After various separatory operations, the cuttings slurry can have a general liquid phase or a substantially solids phase further having “dry” or “wet” solids. Those of ordinary skill in the art will appreciate that “dry” or “wet” refers generally to the amount of drilling fluids remaining with the substantially solids phase during and/or after any separatory operation. Thus, the solids phase may be considered “wet” if a substantial quantity of fluid phase is still present after the separatory operation. Likewise, the solids phase may be considered “dry” if the cuttings do not contain a substantial quantity of fluid phase. Those of ordinary skill in the art will further appreciate that the amount of fluids remaining with either of the phases may vary according to the type of formation being drilled, the type of drilling fluids used in the drilling operation, and the type of separatory operation employed.
Separation operations such as a clarifier, a centrifuge, a screen, a mud cleaner, or a shaker, are well known in the art for removing drilling fluid from a cuttings slurry. However, these operations are not always capable of sufficient or adequate separation of drilling fluids from the cuttings slurry. For example, a cuttings slurry recovered from a shaker may have a reduced drilling fluids content as high as 50% by volume.

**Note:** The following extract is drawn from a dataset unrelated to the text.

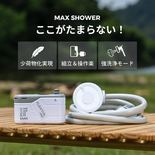 MAX SHOWER‐110分も使える充電式アウトドアシャワー
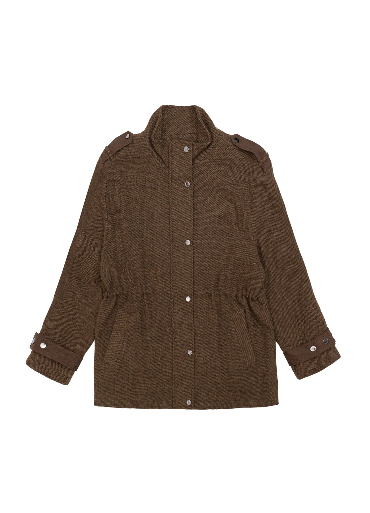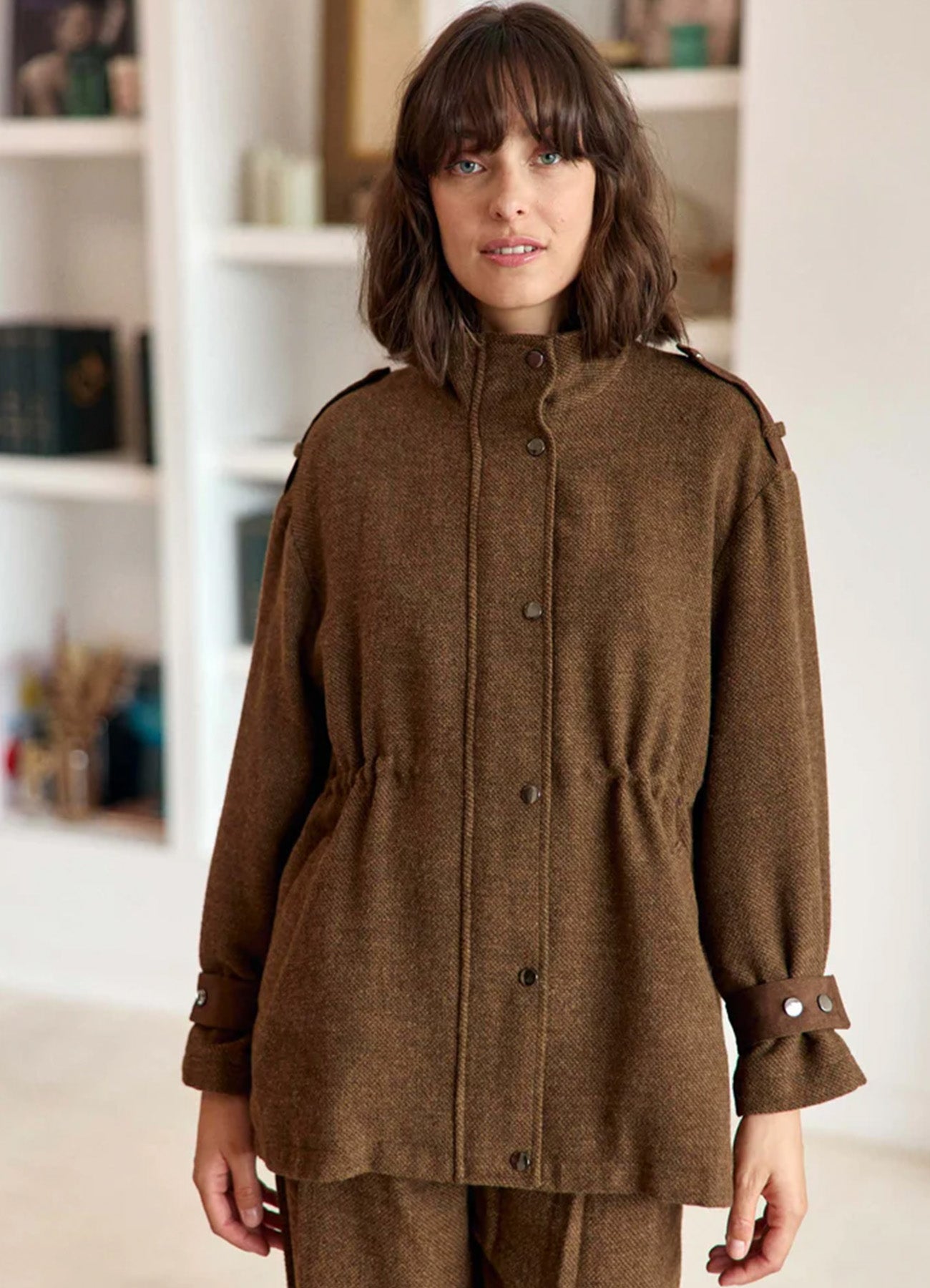 This structured-cut jacket features a refined chevron weave for a polished yet contemporary look. Designed with an officers collar and long sleeves, it offers a clean, tailored silhouette. Adjustable drawstrings at the waist allow for a personalised fit, combining structure with everyday practicality.

The high volume of drilling fluid in a cuttings slurry is problematic because at the end-point in a process, this slurry is usually designated for disposal. The effect of losing drilling fluid through disposal is doubled because replacement drilling fluid is subsequently re-added as a make-up stream. Further, the added liquid weight remaining in the cuttings slurry creates a greater load requirement for transport and disposal operations.
Accordingly, there exists a need in the art for improved separation devices and/or processes for removing drilling fluid from drill cuttings.